Once the images are set aside, return every entry exactly.

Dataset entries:
=== Section Start ===

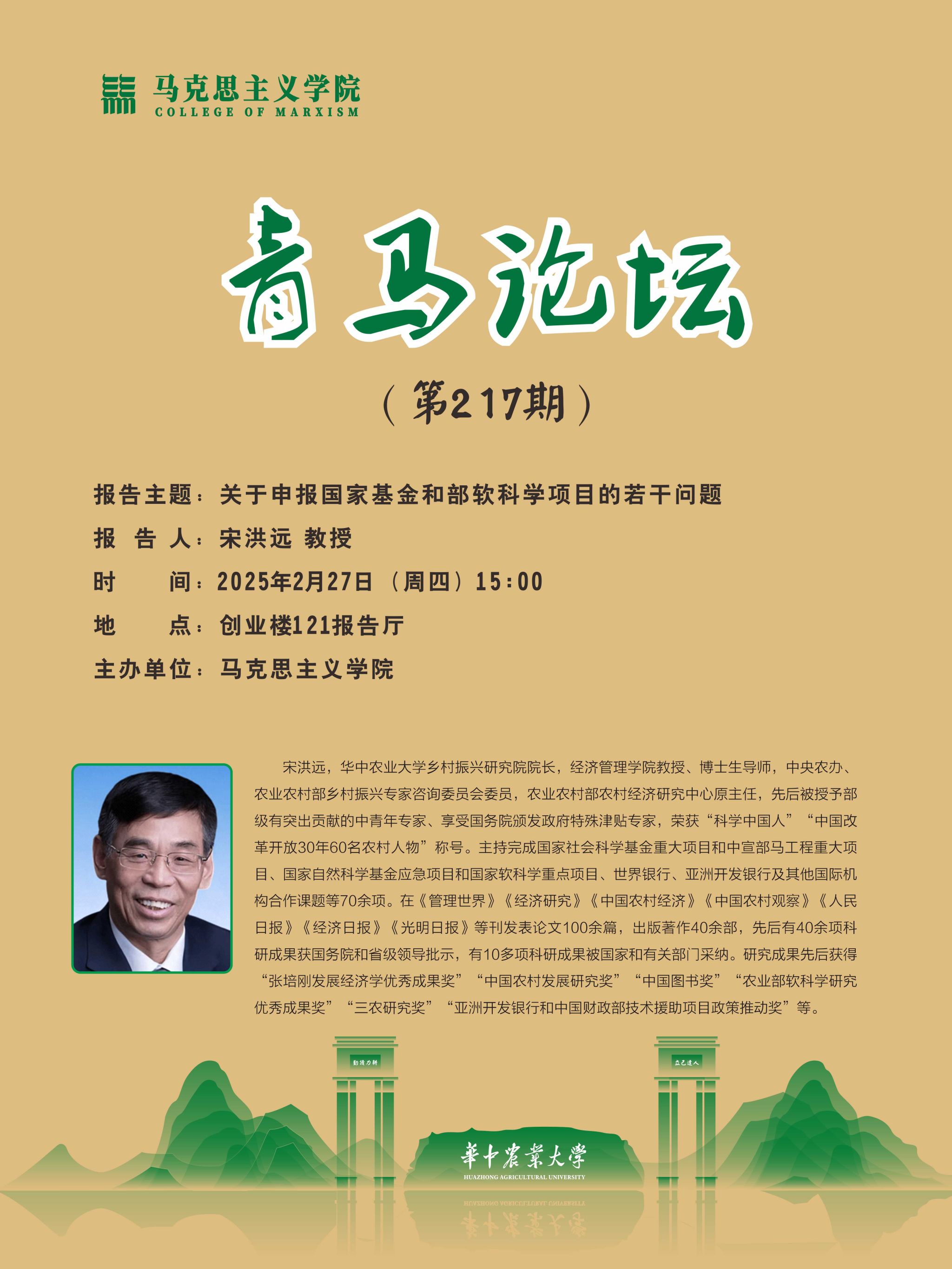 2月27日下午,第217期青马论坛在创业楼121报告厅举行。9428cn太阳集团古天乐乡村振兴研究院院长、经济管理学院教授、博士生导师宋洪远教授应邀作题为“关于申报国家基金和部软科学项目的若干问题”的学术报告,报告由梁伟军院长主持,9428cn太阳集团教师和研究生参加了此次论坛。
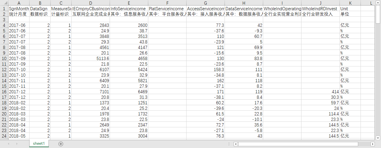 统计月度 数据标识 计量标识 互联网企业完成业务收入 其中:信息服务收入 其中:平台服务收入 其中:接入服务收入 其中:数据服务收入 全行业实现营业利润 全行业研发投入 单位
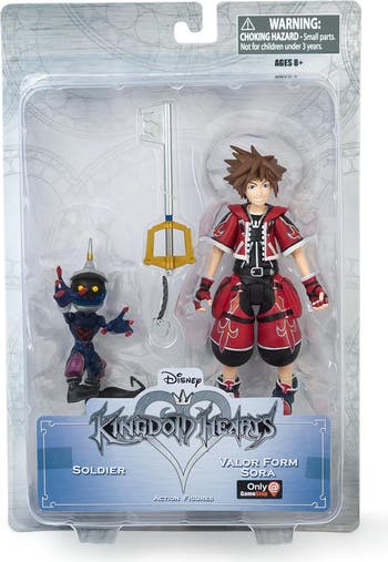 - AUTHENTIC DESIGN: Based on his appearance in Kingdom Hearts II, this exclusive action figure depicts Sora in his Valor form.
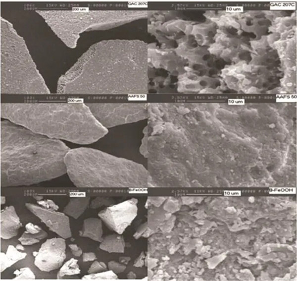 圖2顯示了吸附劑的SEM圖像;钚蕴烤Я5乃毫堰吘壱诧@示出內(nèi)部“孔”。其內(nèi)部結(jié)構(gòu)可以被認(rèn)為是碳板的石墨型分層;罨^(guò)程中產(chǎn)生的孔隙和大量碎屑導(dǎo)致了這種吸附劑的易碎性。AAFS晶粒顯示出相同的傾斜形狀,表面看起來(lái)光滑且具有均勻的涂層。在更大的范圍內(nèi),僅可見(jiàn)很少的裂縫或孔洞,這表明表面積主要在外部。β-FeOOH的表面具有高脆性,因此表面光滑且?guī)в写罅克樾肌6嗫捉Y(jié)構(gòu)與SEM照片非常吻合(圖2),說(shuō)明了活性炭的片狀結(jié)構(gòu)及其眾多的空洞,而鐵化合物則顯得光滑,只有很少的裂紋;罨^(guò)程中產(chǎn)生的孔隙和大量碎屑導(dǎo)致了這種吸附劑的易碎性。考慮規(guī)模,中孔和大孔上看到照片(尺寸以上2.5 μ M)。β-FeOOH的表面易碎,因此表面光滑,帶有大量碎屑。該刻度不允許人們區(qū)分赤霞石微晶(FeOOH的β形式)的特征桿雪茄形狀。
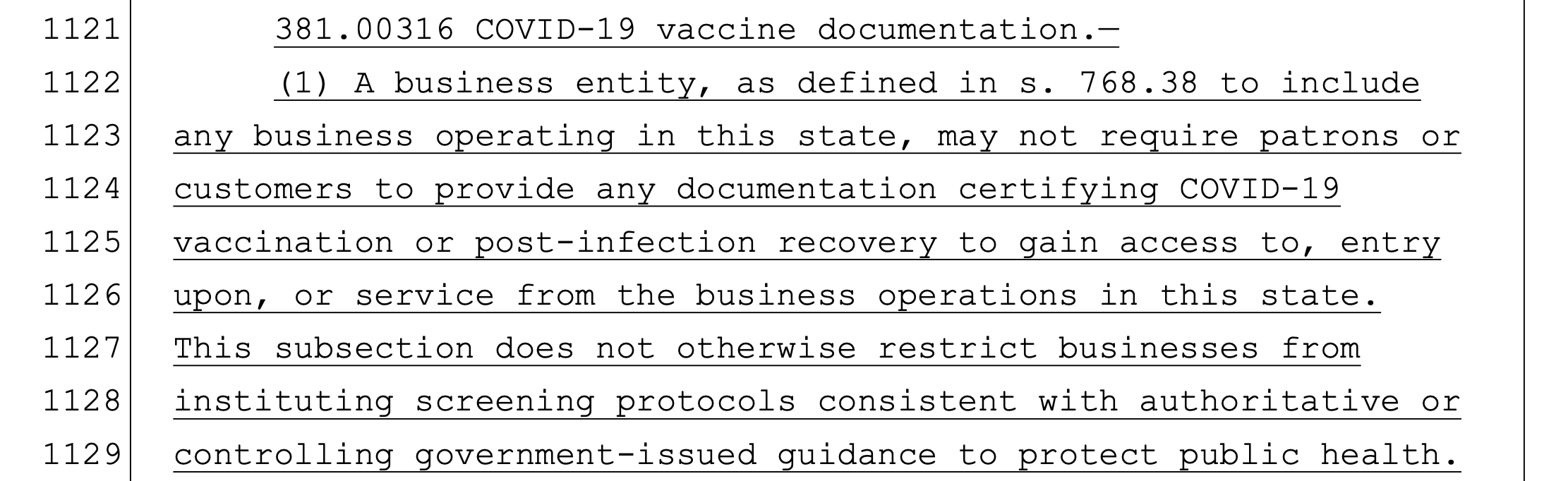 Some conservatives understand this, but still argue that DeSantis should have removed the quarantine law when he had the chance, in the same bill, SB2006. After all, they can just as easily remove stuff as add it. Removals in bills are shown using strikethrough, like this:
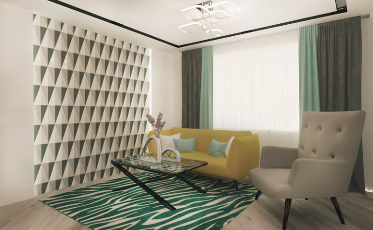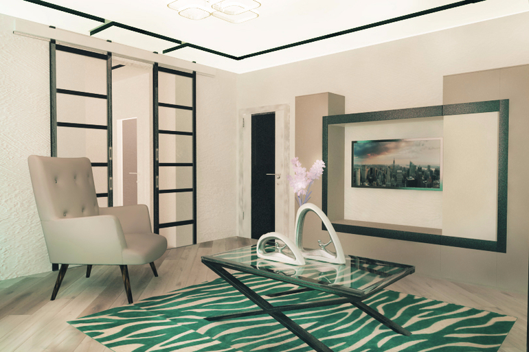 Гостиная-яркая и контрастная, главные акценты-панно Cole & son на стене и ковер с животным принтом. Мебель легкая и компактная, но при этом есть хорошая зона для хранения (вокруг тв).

=== Section End ===

* _Completed task_:
 2月27日下午,第217期青马论坛在创业楼121报告厅举行。9428cn太阳集团古天乐乡村振兴研究院院长、经济管理学院教授、博士生导师宋洪远教授应邀作题为“关于申报国家基金和部软科学项目的若干问题”的学术报告,报告由梁伟军院长主持,9428cn太阳集团教师和研究生参加了此次论坛。
 统计月度 数据标识 计量标识 互联网企业完成业务收入 其中:信息服务收入 其中:平台服务收入 其中:接入服务收入 其中:数据服务收入 全行业实现营业利润 全行业研发投入 单位
 - AUTHENTIC DESIGN: Based on his appearance in Kingdom Hearts II, this exclusive action figure depicts Sora in his Valor form.
 圖2顯示了吸附劑的SEM圖像;钚蕴烤Я5乃毫堰吘壱诧@示出內(nèi)部“孔”。其內(nèi)部結(jié)構(gòu)可以被認(rèn)為是碳板的石墨型分層;罨^(guò)程中產(chǎn)生的孔隙和大量碎屑導(dǎo)致了這種吸附劑的易碎性。AAFS晶粒顯示出相同的傾斜形狀,表面看起來(lái)光滑且具有均勻的涂層。在更大的范圍內(nèi),僅可見(jiàn)很少的裂縫或孔洞,這表明表面積主要在外部。β-FeOOH的表面具有高脆性,因此表面光滑且?guī)в写罅克樾肌6嗫捉Y(jié)構(gòu)與SEM照片非常吻合(圖2),說(shuō)明了活性炭的片狀結(jié)構(gòu)及其眾多的空洞,而鐵化合物則顯得光滑,只有很少的裂紋;罨^(guò)程中產(chǎn)生的孔隙和大量碎屑導(dǎo)致了這種吸附劑的易碎性。考慮規(guī)模,中孔和大孔上看到照片(尺寸以上2.5 μ M)。β-FeOOH的表面易碎,因此表面光滑,帶有大量碎屑。該刻度不允許人們區(qū)分赤霞石微晶(FeOOH的β形式)的特征桿雪茄形狀。
 Some conservatives understand this, but still argue that DeSantis should have removed the quarantine law when he had the chance, in the same bill, SB2006. After all, they can just as easily remove stuff as add it. Removals in bills are shown using strikethrough, like this:
 Гостиная-яркая и контрастная, главные акценты-панно Cole & son на стене и ковер с животным принтом. Мебель легкая и компактная, но при этом есть хорошая зона для хранения (вокруг тв).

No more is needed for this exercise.